Почему?.. На дворе, на гребне глиняной ограды, тихо шевелились под солнцем бледно-желтые, сухие былинки травы. Одна такая засохшая, маленькая былинка важнее и прекраснее, чем все безмерное в своей огромности «ничто»: она, эта маленькая былинка, есть, она всем своим существованием радостно говорит «да!» А там – только темное, насквозь пустое «нет». Между тем, из-под торжественно-серьезной тени этого «нет» все кругом – яркое, движущееся, живое – представлялось пустым, а смутная и мертвая пустота – полною, таящею огромную неразгаданность. Сознание не падало в эту пустоту, не цеплялось судорожно за край жизни, не оглядывалось с отчаянием и тоскою на уходящее, – оно как будто поднималось на высоту и смотрело оттуда с тихою, снисходительною печалью.
Раменского слегка лихорадило. Свежий и грустный трепет мягко пробегал по телу. За столиком у двери сидела вчерашняя сестра и писала рецепты. Она писала. Тонкий, согнутый локоть чуть двигался. Девический стан в коричневом платье делал ее трогательно похожею на гимназистку. В голове Раменского с тихим звоном проходило что-то, глаза видели странное: сестра писала, согнутый локоть чуть двигался, но вокруг ничего не было. А сама сестра была, как картинка на открытке, – плоская, матовая, которая никогда не изменится, и за которою тоже ничего нет. И хотя локоть двигался, но времени не было.

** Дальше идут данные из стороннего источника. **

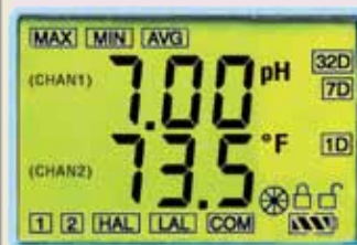
CTXL-PH–pH & RTD Local Display
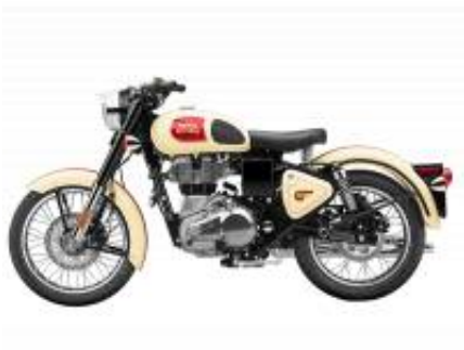
Tan 350 + $0.00
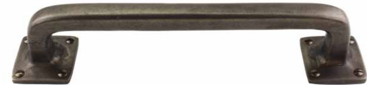
771 Square Pull Handle (9") 228mm (12") 305mm Available in all finishes
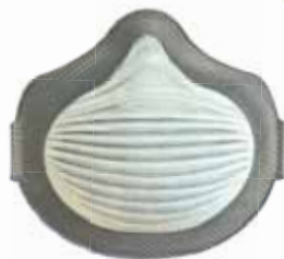
Soft Foam Full Flange
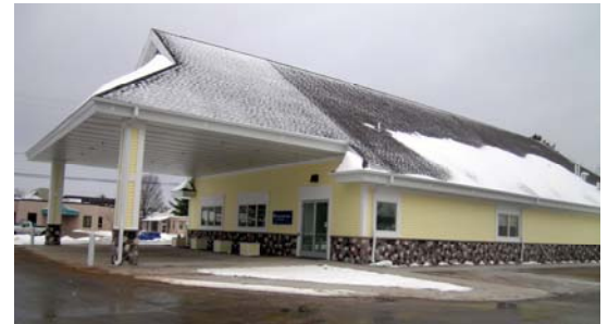
Kalkaska Memorial Dialysis Center

The new facility represents the hospital's commitment to meeting patient care needs close to home.

Была только остановившаяся в пустоте плоская картина, без жизни и без перспективы.
Это было так странно, что Раменский открыл глаза, как мог, широко и позвал:
– Сестрица!
Сестра встала и заботливо подошла. Солнце светилось в ее тонкой, слегка смуглой коже. Глаза, с чуть косым разрезом на продолговатом лице, щурились… Нет, живая! Кто-нибудь будет трепещущею от любви рукою обнимать этот стан, будет целовать эту свежую щеку с ямочкой… Раменский подумал и спросил:
– Скажите, сестрица… Что, капитан очень серьезно ранен?..
Девушка подняла черные брови, от этого ее лицо стало детским.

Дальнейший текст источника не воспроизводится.